Костя положил на стол ложку и начал пристально на неё смотреть. Ложка сначала качнулась, а затем медленно поползла по гладкому столу.
– Это телекинез! – обмерла я и, стараясь скрыть замешательство, игриво шепнула: – А девушек гипнотизируешь? Представляю, сколько у тебя поклонниц!
– Девушки меня теперь не волнуют, у меня другие планы, – равнодушно бросил Костя. – А вообще мне интереснее с женщинами постарше, с ними есть о чём поговорить.
Перехватив мой растерянный взгляд, Костя, словно извиняясь, добавил:
– Ты умнее своих сверстниц. С тобой классно!
Тут мои старики появились в дверях, и их милое воркование за ужином успокоило возбуждённые нервы. Мы с Костей засиделись до полуночи и всё говорили о необычных явлениях мозга, о парапсихологии, гипнозе и его возможностях. Я спросила, почему Костя не применил свой дар в медицине. Но он ответил, что видел себя в другом, а лечение гипнозом считал непродолжительным и не всегда удачным. Потом сказал, что тот мальчик у пруда был с чистым сознанием, легко поддался внушению – ему-то можно было помочь.
А я слушала и понимала, что мне уже не помочь... и что близость моего нового друга необъяснимо парализуя волю, замедляло мой пульс, мысли и дыхание.
Словно во сне, взяв Костю за руку, я повела его в деревянную баню рядом с домом. Зажгла свечи, заглянула в его глаза... удивительно яркие на фоне смуглого лица и угольно-чёрных волос.
В бликах свечей, танцующих по бревенчатым стенам, я видела себя то простоволосой девушкой на залитой солнцем лесной лужайке, а затем придворной дамой, одетой в тугое платье с корсетом. Шум леса в моём сознании менялся на трепет вееров, перед глазами кадрами мелькали лица... И вся распутинская удаль и страсть в Костиных руках, губах, а главное в глазах горели во мне бесконечным желанием.
Уверена, что многие придавались любви, возбуждённые алкоголем или чем-то пожёстче, но наверняка, редко кто познал сексуальную эйфорию под гипнозом.
Мы заснули на рассвете обнявшись на полу под старым одеялом.
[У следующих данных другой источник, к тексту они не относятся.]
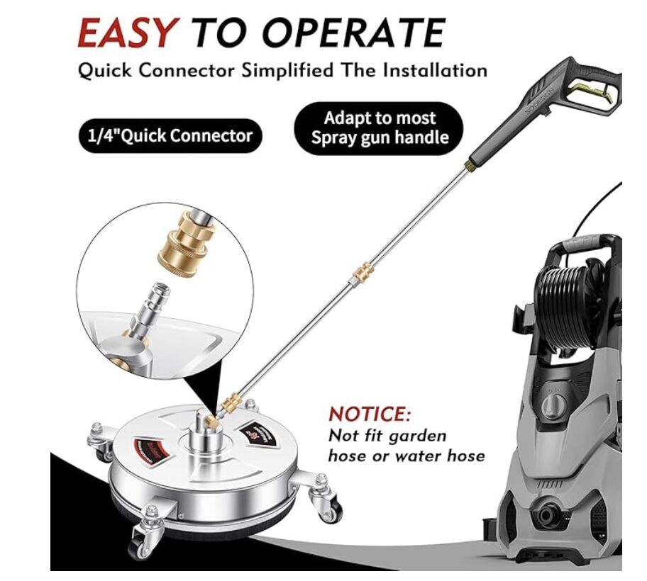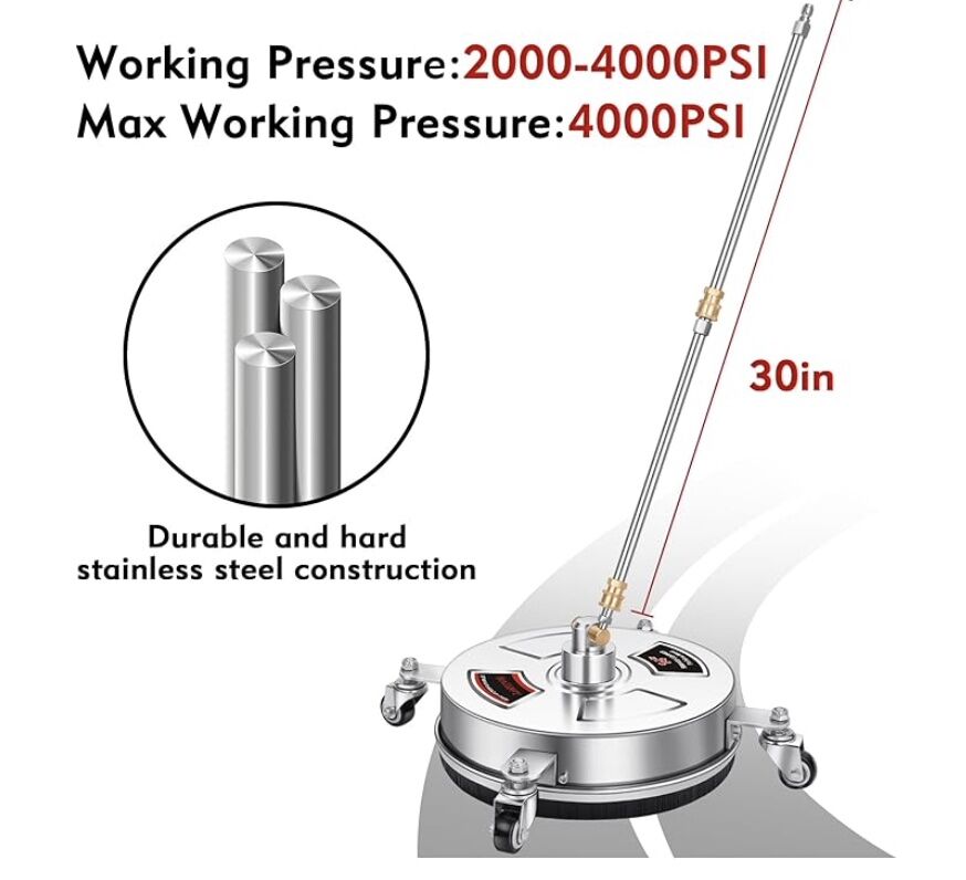 HIGH EFFICIENCY AND PERFECT DESIGN – This driveway pressure washer attachment features stainless steel construction on heavy duty jobs, simply steer this washer across the sidewalk or driveway and it erases the mildew, dirt and mold from its surface, did not use any chemicals just water, improve your pressure washing experience. More power will be better cleaning, suggest using 2500 psi pressure washer or above.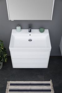 Тумба Aquanet Бруклин 60 белого цвета предназначена для подвесной установки Изделие отвечает тенденциям минимализма Аскетизм четких линий и обтекаемых форм в ней доведен до совершенства В модели нет никаких выделяющихся деталей, и даже ручки интегрированные, когда открывание происходит за счет выступающей детали верхней или нижней части фасада, которая срезана под углом, в результате чего образуется выемка, служащая ручкой В тумбе ручка устроена таким образом у верхнего ящика в нижней части фасада, а у нижнего – в верхней Такое простое решение добавляет изысканности внешнему виду изделия Раковина из керамики с тонкими изящными бортиками идет размер в размер с тумбой, ширина которой 60 см, в результате чего все изделие выглядит как единое целое Корпус изделия выполнен из выкрашенного белой краской влагостойкого ЛДСП, фасады – из МДФ На контрасте с белизной внешних деталей стильно смотрится корпус выдвижных ящиков, выполненный в цвете «дуб сонома» Нижний ящик тумбы имеет большую зону хранения, верхний разделен на несколько отделений, которые помогут грамотно разложить все необходимое по своим местам Тумба предлагается без раковины

Несколько дней прошло в прогулках и разговорах, а ночи в объятьях Кости пролетели так же кипуче, как первая. Но он не сделался ближе. Костя оставался для меня интересным собеседником и нежным любовником – нежным, но не любящим. Я начинала страдать, словно в детстве, от приступов первой любви!
– Мой друг Янек завтра приезжает из Иркутска, – как бы невзначай обронил Костя за ужином.
– Янек? – от волнения у меня пересохло во рту. – Редкое имя.
– Он поляк, – кивнул Костя. – По матери, кажется.
"Не может быть!" – с дрожью пронеслось у меня внутри.
– Я знала в Иркутске одного Янека, давно... Расскажи о нём.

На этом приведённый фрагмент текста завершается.